You are viewing a plain text version of this content. The canonical link for it is here.
Posted to commits@spark.apache.org by ad...@apache.org on 2014/05/27 08:17:46 UTC

git commit: SPARK-1932: Fix race conditions in onReceiveCallback and cachedPeers

Repository: spark
Updated Branches:
  refs/heads/master 90e281b55 -> 549830b0d


SPARK-1932: Fix race conditions in onReceiveCallback and cachedPeers

`var cachedPeers: Seq[BlockManagerId] = null` is used in `def replicate(blockId: BlockId, data: ByteBuffer, level: StorageLevel)` without proper protection.

There are two place will call `replicate(blockId, bytesAfterPut, level)`
* https://github.com/apache/spark/blob/17f3075bc4aa8cbed165f7b367f70e84b1bc8db9/core/src/main/scala/org/apache/spark/storage/BlockManager.scala#L644 runs in `connectionManager.futureExecContext`
* https://github.com/apache/spark/blob/17f3075bc4aa8cbed165f7b367f70e84b1bc8db9/core/src/main/scala/org/apache/spark/storage/BlockManager.scala#L752 `doPut` runs in `connectionManager.handleMessageExecutor`. `org.apache.spark.storage.BlockManagerWorker` calls `blockManager.putBytes` in `connectionManager.handleMessageExecutor`.

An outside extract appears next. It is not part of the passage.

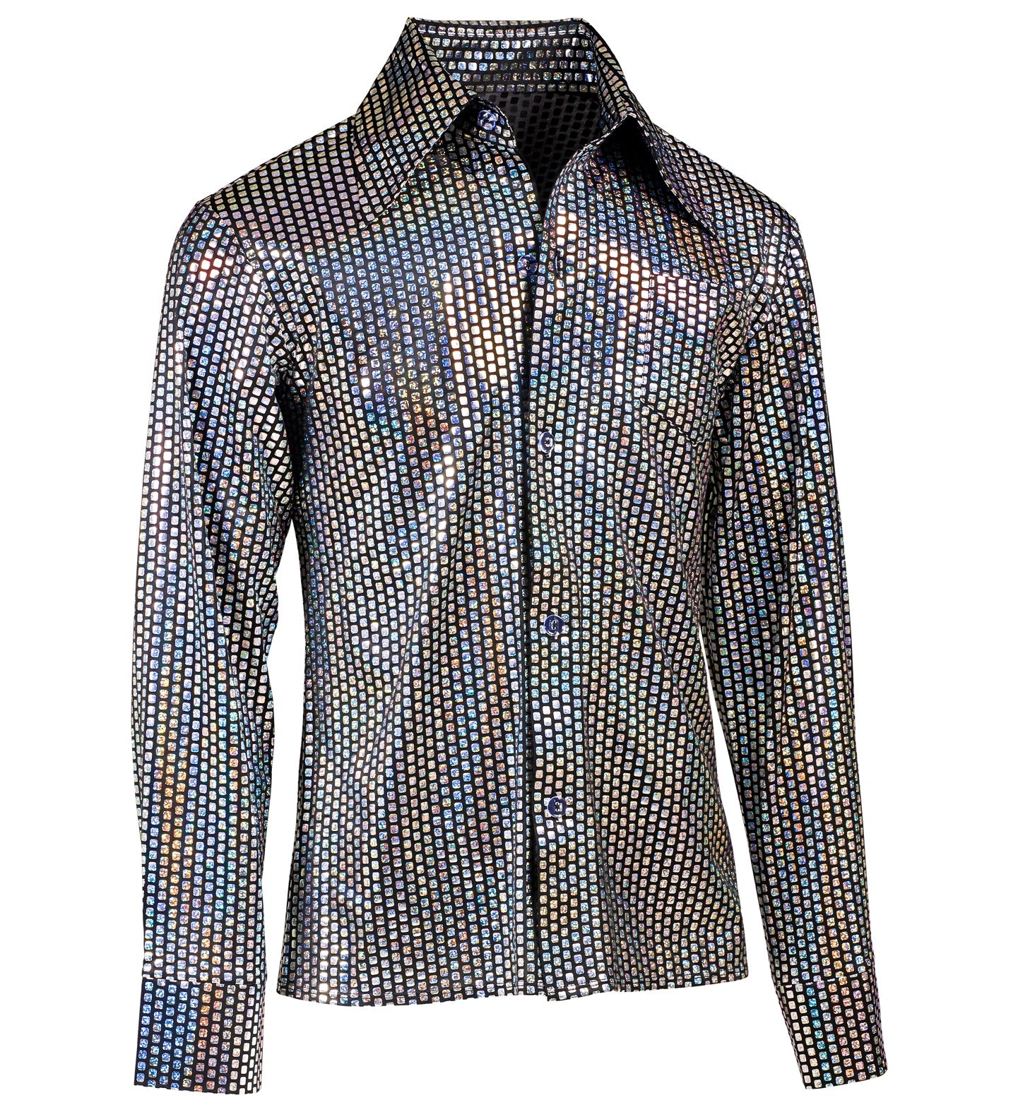 Disco-Shirt 1970er Silber Herren

As they run in different `Executor`s, this is a race condition which may cause the memory pointed by `cachedPeers` is not correct even if `cachedPeers != null`.

The race condition of `onReceiveCallback` is that it's set in `BlockManagerWorker` but read in a different thread in `ConnectionManager.handleMessageExecutor`.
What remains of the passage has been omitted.